28 IX 2012 roku, w Światowy Dzień Wścieklizny, miałem okazję uczestniczyć w dość nietypowej akcji: „szczepiłem” lisy :)
Całość odbywała się z pokładu Antka (An-2), gdzie przez specjalną rurę (podpiętą to magicznej puszki z fotokomórką i gpsem) zrzucaliśmy lisom szczepionki.
Same szczepionki to takie starsznie śmierdzące rybią mączką coś, co ponoć lisy lubią. A zrzucanie polegało na wyrzuceniu z samolotu, co sekundę, takiej szczepionki. Start i lądowanie odbywało się w Łososinie Dolnej, a sam lot trwał 4 godziny. Grasowaliśmy w okolicach Babiej Góry. Do tego z widokiem na Tatry :)
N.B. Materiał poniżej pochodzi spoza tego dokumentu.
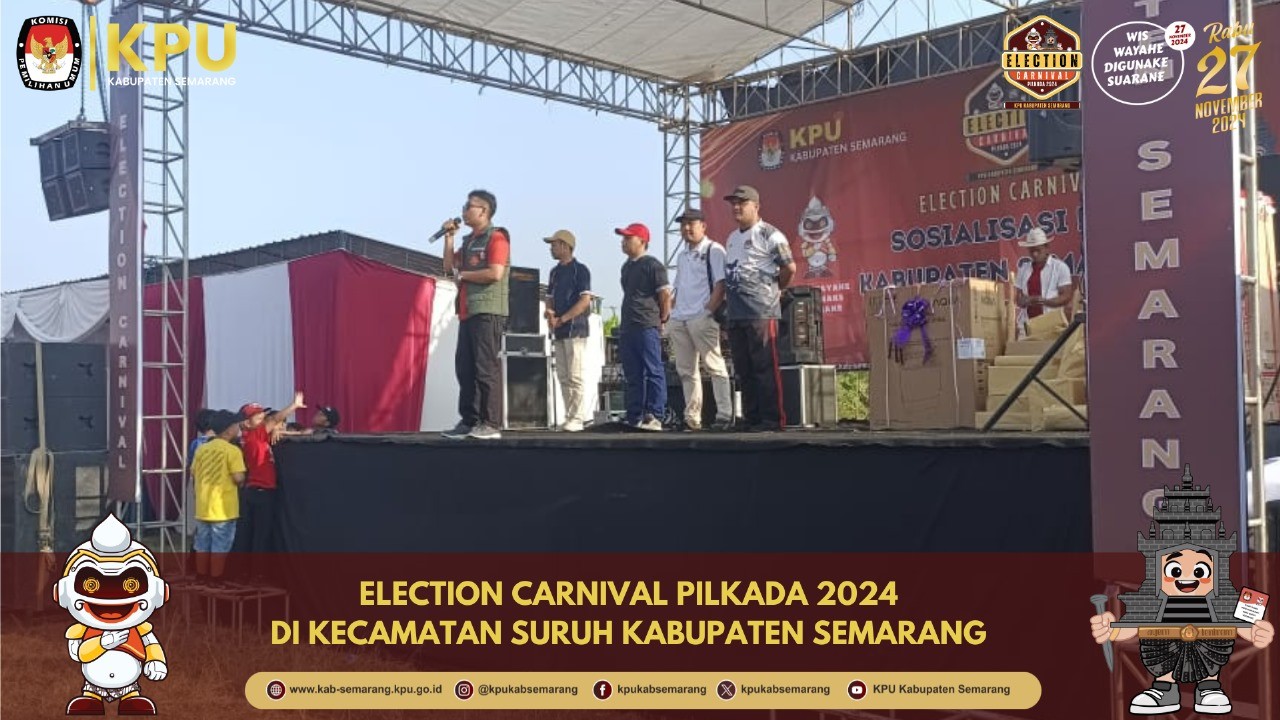 KPU kabupaten Semarang menggelar Election Carnival kedelapan di Kecamatan Suruh dalam rangkaian kegiatan senam Sehat, Jalan Santai dan hiburan band lokal “bareng selawase" di Lapangan Kecamatan Suruh (11/8/2024).

Poza niewątpliwą satysfakcją z poprawienia sytuacji bytowej lisów, miałem też okazję nie dość że polatać, to jeszcze zrobić parę zdjęć (no i potestować Kondziową fiszkę :) ).
Smacznego.
Swoją drogą, muszę przyznać, że jest coś magicznego w locie (stosunkowo ;) ) niedużym samolotem, z widocznością terenu. Ciężko to opisać, ale… No – tak jest ;) Świat z góry wygląda inaczej, pomimo tego, że zna się go z przyziemnej perspektywy. Polecam!